The Rosemont copper mine in the northern Santa Rita Mountains in Arizona received a setback when Federal regulators rejected its mining company’s request to reduce critical habitat for jaguars deemed endangered on land that overlaps the footprint of the proposed mine. Hudbay Minerals Inc. has been working for more than a decade to get permission to open the mine. The mine only needs about 6 percent of the land that had been excluded for the jaguars in order for the project to proceed.

The Pebble copper and gold mine, 100 miles from Bristol Bay, Alaska had its permit application rejected in November 2020 by the U.S. Army Corps of Engineers and it was resubmitted it in January 2021. However, President Biden’s EPA, citing its authority under the 1972 Clean Water Act, proposed a legal determination that would ban the disposal of mining waste rock in the Bristol Bay watershed. The proposal would create permanent protections for the waters and wildlife of Bristol Bay, about 200 miles southwest of Anchorage. It would prohibit disposing of mine-related waste within 308 square miles around the site of the proposed Pebble Mine project, an area about four times as large as Washington, DC, much of it owned by the State of Alaska.

Biden regulators suspended a right-of-way for a road in Alaska that had a 50-year right-of-way, covering 25 miles of a proposed 211-mile road connecting the Ambler Mining District to Alaska’s highway system. Biden’s Department of Interior determined that the effects the proposed Ambler Road might have on subsistence uses were not properly evaluated previously and that tribes were not adequately consulted prior to issuing the right-of-way, despite seven years of such evaluations and consultations. Biden‘s Interior Department requested a remand to have time to supplement the administrative record and it was granted by the U.S. District Court. Since then, the Interior has held public comments, is drafting a supplemental environmental impact statement, and studying preliminary comments. The federal agency says it will issue its final decision on the proposed project in the fourth quarter of 2023.
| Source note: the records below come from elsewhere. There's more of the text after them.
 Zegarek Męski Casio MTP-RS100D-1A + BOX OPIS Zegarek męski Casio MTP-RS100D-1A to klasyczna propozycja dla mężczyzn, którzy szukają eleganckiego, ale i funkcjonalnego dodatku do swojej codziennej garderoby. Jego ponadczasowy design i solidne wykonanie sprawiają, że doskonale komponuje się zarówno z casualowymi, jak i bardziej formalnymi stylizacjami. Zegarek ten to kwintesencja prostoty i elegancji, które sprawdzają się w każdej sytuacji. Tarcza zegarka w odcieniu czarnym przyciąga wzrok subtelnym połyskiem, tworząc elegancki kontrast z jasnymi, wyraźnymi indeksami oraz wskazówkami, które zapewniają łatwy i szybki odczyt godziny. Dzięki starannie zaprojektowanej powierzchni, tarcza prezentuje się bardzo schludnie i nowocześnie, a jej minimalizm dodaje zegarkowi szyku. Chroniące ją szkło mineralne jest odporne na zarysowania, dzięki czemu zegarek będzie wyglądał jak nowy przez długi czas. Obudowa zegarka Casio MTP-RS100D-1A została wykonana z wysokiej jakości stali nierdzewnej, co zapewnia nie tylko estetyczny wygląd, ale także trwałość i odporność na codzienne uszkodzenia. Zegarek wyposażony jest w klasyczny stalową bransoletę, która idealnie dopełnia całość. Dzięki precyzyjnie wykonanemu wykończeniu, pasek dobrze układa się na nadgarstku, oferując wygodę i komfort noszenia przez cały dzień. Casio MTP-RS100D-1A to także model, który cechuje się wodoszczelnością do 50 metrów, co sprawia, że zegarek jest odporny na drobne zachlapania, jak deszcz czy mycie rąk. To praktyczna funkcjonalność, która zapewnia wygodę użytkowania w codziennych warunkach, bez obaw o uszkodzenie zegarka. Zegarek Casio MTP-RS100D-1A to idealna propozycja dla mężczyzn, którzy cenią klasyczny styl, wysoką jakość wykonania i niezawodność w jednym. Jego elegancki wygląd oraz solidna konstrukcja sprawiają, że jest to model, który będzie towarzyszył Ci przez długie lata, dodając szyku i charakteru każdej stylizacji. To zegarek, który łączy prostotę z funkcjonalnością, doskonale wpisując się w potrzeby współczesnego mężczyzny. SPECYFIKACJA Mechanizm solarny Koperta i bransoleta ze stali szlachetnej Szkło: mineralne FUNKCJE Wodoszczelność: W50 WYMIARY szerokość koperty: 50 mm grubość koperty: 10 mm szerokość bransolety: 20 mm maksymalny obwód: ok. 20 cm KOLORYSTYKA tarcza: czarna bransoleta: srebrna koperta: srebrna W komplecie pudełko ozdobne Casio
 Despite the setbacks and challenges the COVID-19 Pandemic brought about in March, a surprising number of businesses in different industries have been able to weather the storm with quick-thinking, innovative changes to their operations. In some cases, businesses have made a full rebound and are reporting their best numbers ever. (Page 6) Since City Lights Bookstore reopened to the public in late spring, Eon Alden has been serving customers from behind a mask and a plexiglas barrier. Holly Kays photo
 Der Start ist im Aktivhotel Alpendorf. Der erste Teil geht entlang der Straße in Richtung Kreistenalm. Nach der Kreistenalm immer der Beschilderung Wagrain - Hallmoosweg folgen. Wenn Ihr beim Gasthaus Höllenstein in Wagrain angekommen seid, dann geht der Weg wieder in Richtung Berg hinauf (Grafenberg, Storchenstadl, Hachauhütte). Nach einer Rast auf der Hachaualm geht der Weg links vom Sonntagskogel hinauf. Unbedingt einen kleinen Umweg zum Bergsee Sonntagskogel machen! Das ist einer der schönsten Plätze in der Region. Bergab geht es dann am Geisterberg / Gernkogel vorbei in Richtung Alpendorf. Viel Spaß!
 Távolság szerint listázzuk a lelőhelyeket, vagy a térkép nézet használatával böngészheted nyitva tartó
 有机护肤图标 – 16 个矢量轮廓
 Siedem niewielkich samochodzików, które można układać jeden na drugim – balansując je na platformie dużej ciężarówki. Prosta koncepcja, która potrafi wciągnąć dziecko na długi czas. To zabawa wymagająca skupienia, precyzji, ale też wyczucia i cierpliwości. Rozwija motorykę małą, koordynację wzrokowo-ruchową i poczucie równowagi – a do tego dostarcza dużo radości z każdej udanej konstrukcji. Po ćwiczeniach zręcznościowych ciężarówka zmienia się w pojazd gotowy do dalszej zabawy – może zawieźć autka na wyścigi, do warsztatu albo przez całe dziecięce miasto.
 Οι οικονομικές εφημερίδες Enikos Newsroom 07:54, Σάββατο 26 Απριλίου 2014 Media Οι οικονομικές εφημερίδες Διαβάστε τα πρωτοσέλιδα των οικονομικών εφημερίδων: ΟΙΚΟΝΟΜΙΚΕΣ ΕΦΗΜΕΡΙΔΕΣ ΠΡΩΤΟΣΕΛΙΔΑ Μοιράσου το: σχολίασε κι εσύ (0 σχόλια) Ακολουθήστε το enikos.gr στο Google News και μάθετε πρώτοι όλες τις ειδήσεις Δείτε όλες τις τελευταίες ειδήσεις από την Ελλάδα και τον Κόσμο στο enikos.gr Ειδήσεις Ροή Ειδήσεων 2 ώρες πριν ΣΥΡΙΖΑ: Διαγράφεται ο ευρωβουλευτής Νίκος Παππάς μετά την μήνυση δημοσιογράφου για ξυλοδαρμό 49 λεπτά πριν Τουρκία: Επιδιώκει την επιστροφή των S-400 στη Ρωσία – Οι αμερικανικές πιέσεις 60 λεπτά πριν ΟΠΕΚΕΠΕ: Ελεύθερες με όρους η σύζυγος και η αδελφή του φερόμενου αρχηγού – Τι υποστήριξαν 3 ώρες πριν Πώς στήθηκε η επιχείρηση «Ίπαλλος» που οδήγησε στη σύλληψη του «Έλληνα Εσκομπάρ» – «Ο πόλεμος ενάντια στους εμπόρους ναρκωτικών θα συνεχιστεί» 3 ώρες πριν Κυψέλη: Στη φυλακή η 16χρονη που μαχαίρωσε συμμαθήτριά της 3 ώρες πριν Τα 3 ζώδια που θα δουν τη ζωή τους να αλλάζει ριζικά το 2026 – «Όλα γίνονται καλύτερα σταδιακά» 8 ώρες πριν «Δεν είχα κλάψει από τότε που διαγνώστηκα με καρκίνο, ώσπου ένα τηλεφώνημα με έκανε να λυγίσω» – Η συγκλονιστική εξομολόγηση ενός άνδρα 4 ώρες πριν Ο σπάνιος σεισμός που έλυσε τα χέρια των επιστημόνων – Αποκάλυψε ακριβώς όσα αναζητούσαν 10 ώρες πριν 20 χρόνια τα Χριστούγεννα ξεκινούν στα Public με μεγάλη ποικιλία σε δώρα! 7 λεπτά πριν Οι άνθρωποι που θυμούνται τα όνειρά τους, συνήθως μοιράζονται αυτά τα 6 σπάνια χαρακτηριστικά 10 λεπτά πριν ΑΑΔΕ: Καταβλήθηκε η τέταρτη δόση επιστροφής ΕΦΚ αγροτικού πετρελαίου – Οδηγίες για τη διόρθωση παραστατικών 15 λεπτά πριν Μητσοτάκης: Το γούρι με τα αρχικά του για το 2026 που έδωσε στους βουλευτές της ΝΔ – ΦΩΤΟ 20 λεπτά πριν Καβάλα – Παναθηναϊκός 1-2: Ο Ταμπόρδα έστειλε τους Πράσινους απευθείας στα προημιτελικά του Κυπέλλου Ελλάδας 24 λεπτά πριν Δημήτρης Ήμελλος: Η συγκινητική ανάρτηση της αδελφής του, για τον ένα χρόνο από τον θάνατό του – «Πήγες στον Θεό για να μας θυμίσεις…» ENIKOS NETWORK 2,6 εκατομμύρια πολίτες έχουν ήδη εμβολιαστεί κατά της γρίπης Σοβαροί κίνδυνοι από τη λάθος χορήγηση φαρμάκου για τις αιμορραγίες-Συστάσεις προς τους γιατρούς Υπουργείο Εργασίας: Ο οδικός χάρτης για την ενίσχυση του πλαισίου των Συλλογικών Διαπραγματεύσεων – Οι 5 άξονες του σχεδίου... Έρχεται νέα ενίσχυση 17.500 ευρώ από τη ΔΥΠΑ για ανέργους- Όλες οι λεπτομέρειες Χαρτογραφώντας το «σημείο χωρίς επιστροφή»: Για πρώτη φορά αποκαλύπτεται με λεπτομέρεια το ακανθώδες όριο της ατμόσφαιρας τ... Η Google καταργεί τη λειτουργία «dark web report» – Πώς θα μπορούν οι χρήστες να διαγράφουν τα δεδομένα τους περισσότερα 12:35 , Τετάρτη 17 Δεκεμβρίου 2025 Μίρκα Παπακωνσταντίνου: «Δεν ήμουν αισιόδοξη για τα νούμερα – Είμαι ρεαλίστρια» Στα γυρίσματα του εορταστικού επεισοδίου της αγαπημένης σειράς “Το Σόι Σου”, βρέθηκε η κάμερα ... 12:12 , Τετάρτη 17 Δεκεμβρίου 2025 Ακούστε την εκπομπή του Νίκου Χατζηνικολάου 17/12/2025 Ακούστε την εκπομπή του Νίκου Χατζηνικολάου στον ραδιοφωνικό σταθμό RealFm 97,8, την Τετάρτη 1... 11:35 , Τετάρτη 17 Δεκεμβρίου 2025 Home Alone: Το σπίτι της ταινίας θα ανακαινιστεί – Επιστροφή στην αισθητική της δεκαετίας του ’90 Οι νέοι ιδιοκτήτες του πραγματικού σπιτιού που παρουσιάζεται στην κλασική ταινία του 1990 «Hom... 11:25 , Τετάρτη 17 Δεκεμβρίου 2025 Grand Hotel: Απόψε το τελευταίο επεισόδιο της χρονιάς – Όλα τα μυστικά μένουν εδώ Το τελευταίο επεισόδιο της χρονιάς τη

The Biden administration is cutting off access to domestic supplies of the raw materials needed to make the energy transition he wants happen and making the United States more dependent on China for these critical minerals. It is doing so by canceling mine leases, revoking permits, and classifying plants as endangered. The United States needs the critical mineral deposits to achieve Biden’s climate plan. However, Biden appears to be comfortable with the United States becoming more dependent upon China for the minerals despite its lax environmental standards and child and indigenous labor issues. One would think the national security implications of this would be evident to someone in the Administration with China’s growing aggressiveness and pledge to displace the United States as the number one world power. The U.S. dependency on China for minerals is 4 times greater than the dependency the United States had on oil from the Middle East.